# Prayer Stand



## GoodTreeMinistries.com (Aug 10, 2013)

What are you thoughts of using a prayer stand as an outreach tool. You would ask people if they wanted prayer then be able to share the gospel with them. Here is video of Prayer Stand: The Prayer Stand - YouTube

Please pray for us that God would provide our ministry with a prayer stand or something like it. Thank you for your prayers. God Bless!


----------



## Jack K (Aug 10, 2013)

The stand seems a bit kitschy for my tastes, but offering to pray for people is an excellent way to let them know that you're a believer and to get past the initial assumption in our culture that spiritual stuff should be kept to oneself.

If offering to pray for someone, it's good to make sure you really do desire to pray for them and aren't just offering to pray as a bait-and-switch pretext for engaging them in some other conversation. There will often be opportunities for deeper conversations about faith down the road... provided you prove that your prayer for them was a true act of caring, not a "witnessing" project in disguise.


----------



## GoodTreeMinistries.com (Aug 10, 2013)

Yes I take prayer to God serious. Not sure I could pray for someone and not mean it. After prayer would try to find out some background and witness though ofcourse. Thanks for your thoughts about stand!


----------



## Andres (Aug 10, 2013)

I must first admit that I am usually not a fan of these types of things. When I initially read the post, I didn't think it would be something I'd buy into but after seeing it on the video, I actually think it is a neat idea and it could really open some serious doors for sharing the gospel with people. I actually like this better than open-air preaching. My biggest caution would be that you make sure you have good, gospel-centered tracts to hand out. There are a lot of bad tracts out there so use wisdom in selecting these, but otherwise, I pray God's blessings upon the endeavor.


----------



## CuriousNdenver (Aug 10, 2013)

Andres said:


> There are a lot of bad tracts out there so use wisdom in selecting these



Oh, so sadly true. I do street evangelism, too. I struggle to find tracts with a clear gospel message that do not either attempt to add something to the message or to dumb it down.

I wrote my own one Christmas for a group holiday outreach, because I couldn't find any with a clear gospel presentation that were in stock.
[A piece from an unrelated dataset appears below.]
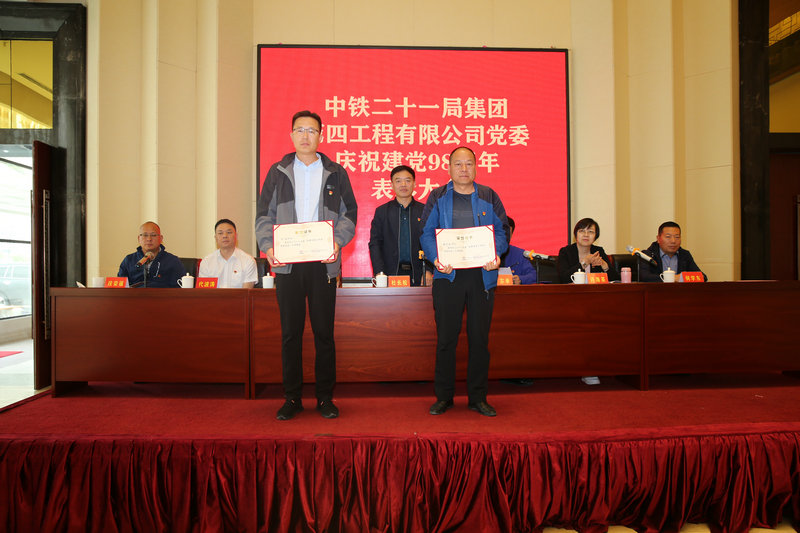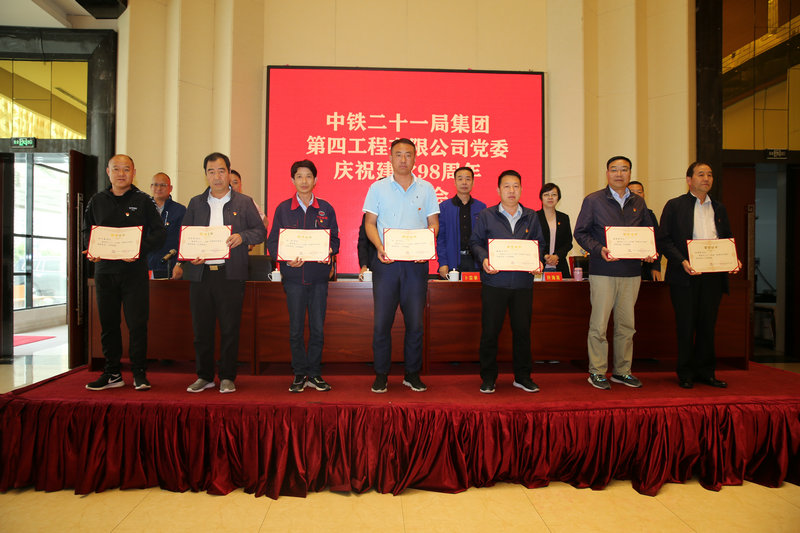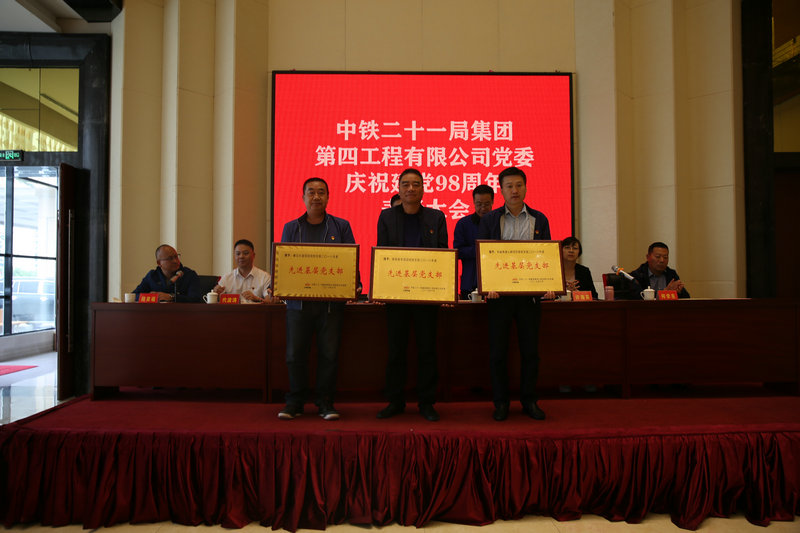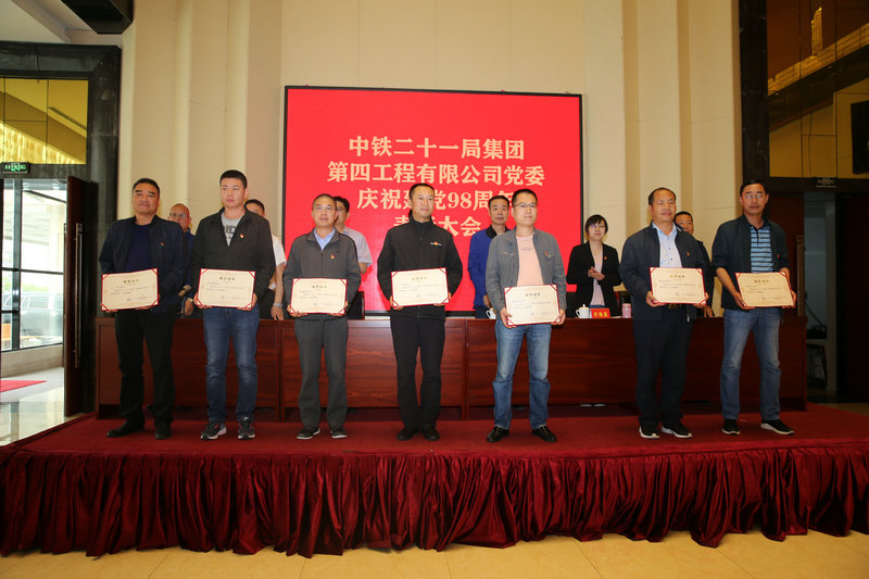 6月27日下午,中鐵二十一局四公司在甘肅民樂召開建黨98周年表彰大會(huì),隆重表彰一年來(lái)公司涌現(xiàn)出的一批先進(jìn)基層黨支部、優(yōu)秀共產(chǎn)黨員和優(yōu)秀黨務(wù)工作者。中鐵二十一局四公司黨委副書記、紀(jì)委書記杜長(zhǎng)松、特級(jí)項(xiàng)目經(jīng)理、副總經(jīng)理卜宗舉、副總經(jīng)理、總會(huì)計(jì)師許海英、各項(xiàng)目黨支部書記、黨支部工作部部長(zhǎng)50余人參加了表彰大會(huì)。

"What are you thoughts of using a prayer stand as an outreach tool. You would ask people if they wanted prayer then be able to share the gospel with them. Here is video of Prayer Stand: The Prayer Stand - YouTube"
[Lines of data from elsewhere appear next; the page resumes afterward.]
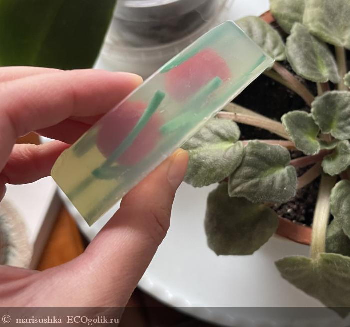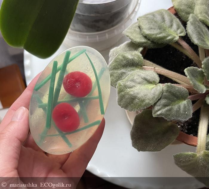 Мыло действительно завораживает взгляд, хочется его рассматривать, а ещё в начале я всё думала, а вдруг вишни настоящие?
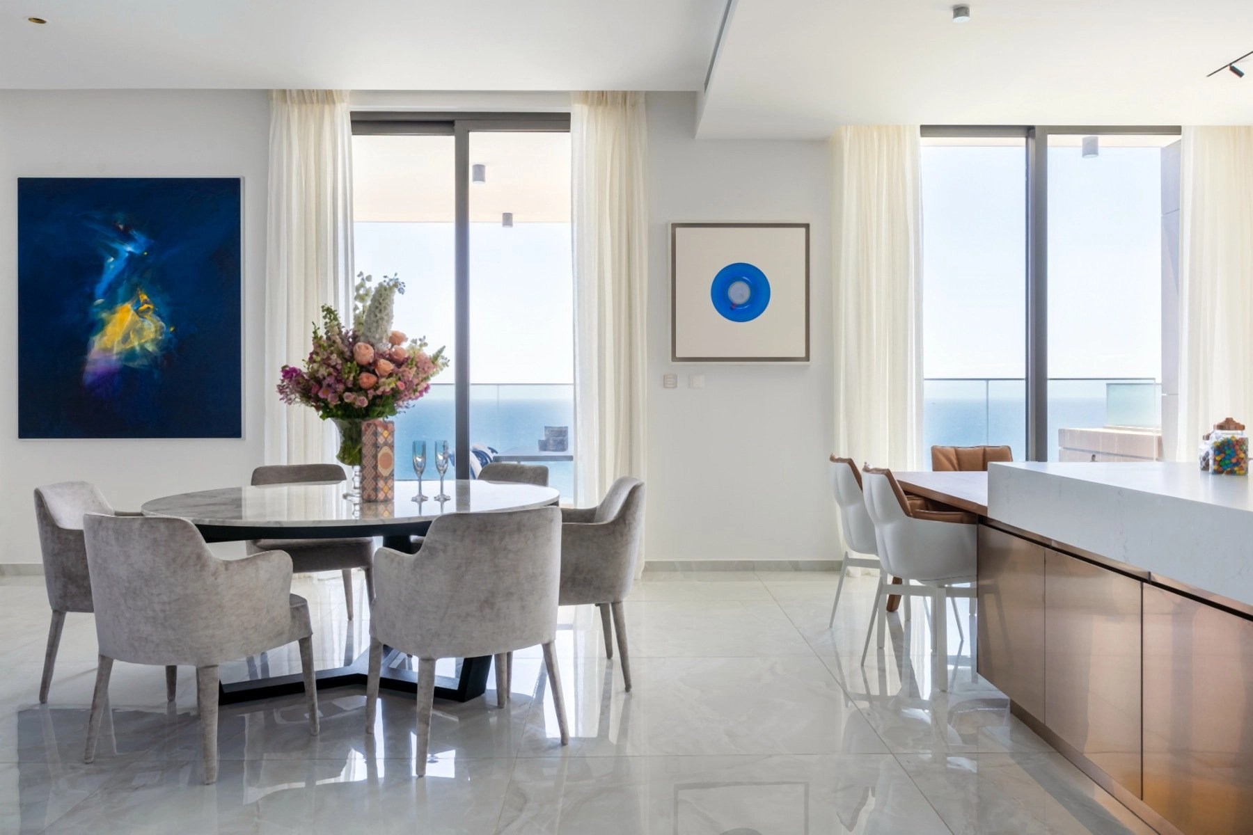 Rising gracefully above the coastline, this landmark residential tower introduces a new level of contemporary living in one of Limassol’s most dynamic seaside districts. Designed with a sculptural architectural silhouette and expansive glazing, the building captures natural light from every angle while framing uninterrupted sea and city views. The project comprises a refined collection of one-, two- and three-bedroom residences, crowned by exclusive multi-level penthouses with private rooftop terraces and panoramic outlooks.
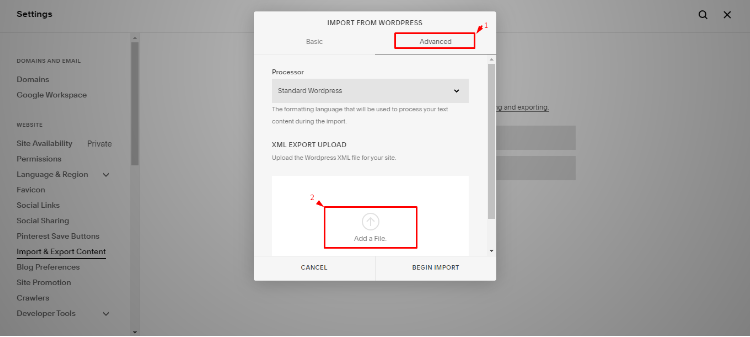 Upload the previously exported WordPress XML file and select “BEGIN IMPORT.” Depending on the size of your site, this process may take a few minutes.
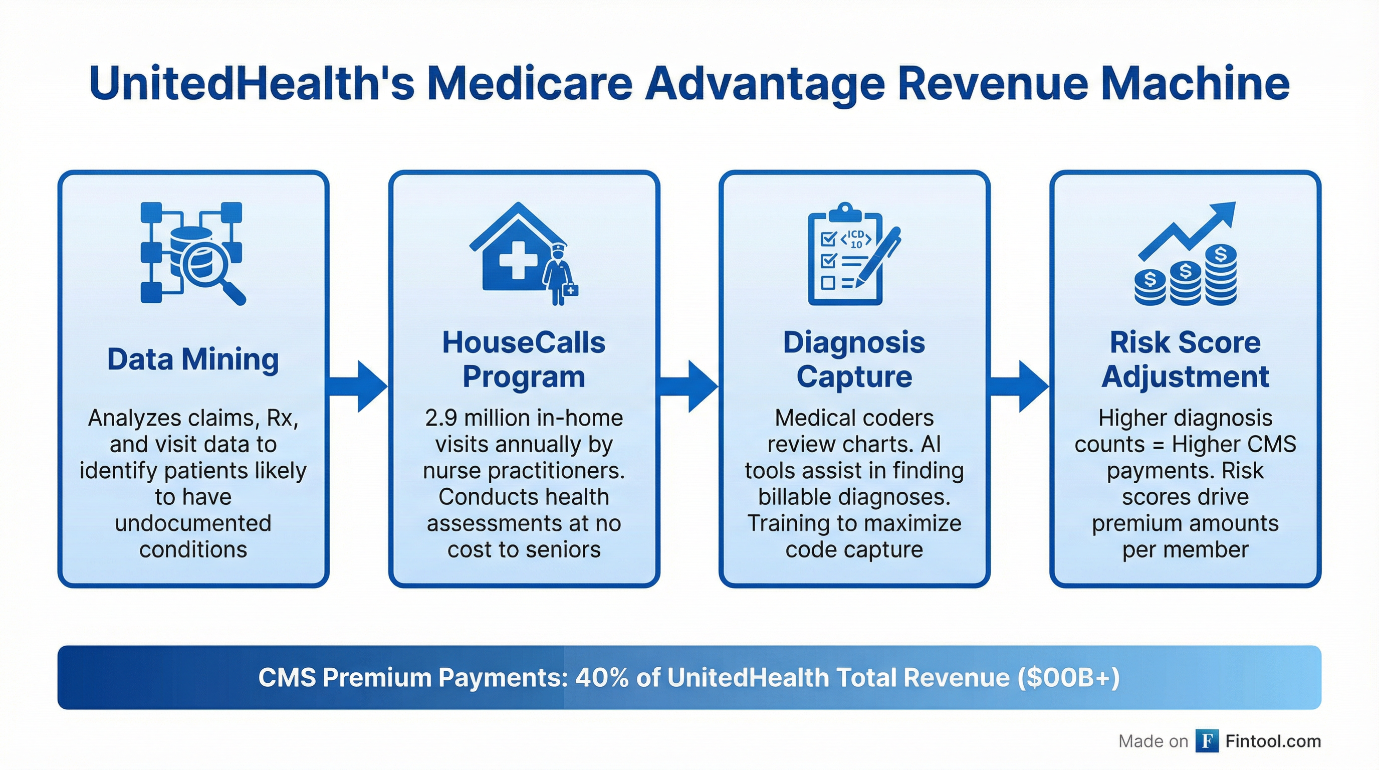 HouseCalls Program: Optum nurse practitioners conducted 2.9 million free in-home visits to Medicare Advantage enrollees in 2024 alone. UnitedHealth describes these as preventive care that helps seniors "live healthier at home." The Senate report views them as a diagnosis capture mechanism that drives risk scores higher.

I'm not fond of gimmicky things, but this looks very practical, as long as there is an easy way to weight it down so it doesn't blow over. I have friends who use tables and their tracts blow away all the time. They are also heavy to drag around and require more space than this would. I am not able to stand in one place for any length of time, so I walk when I hand out tracts and stop when I find people interested in a conversation. If you are able to stay-put, this looks like a good idea.
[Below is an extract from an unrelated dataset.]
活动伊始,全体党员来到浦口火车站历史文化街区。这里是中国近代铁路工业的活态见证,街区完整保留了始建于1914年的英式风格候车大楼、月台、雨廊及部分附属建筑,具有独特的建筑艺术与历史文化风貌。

As others mentioned, it would be important to keep the focus on prayer - deliver what is advertised, and segue into a gospel centered conversation only if the person expresses interest. I try to have a list of faithful churches in the area when I do outreach. I have have MANY people ask where they can attend church. Sadly, when we do outreach in inner city Denver, there are very few faithful churches (that I have found) to refer them to.


----------



## GoodTreeMinistries.com (Aug 11, 2013)

Yes, I like this as a alternative to open air preaching. I am defiantly not against open air preaching though. My plan would truly be as prayer for people. Then would start to see if there was an opening to talking about spiritual thinks. Would hope to be able to share the gospel with each person vocally. If not would try to leave them something that had the gospel on it and a way they could reach me. I did not really like this idea at first then it grew on me after watching the video also.


----------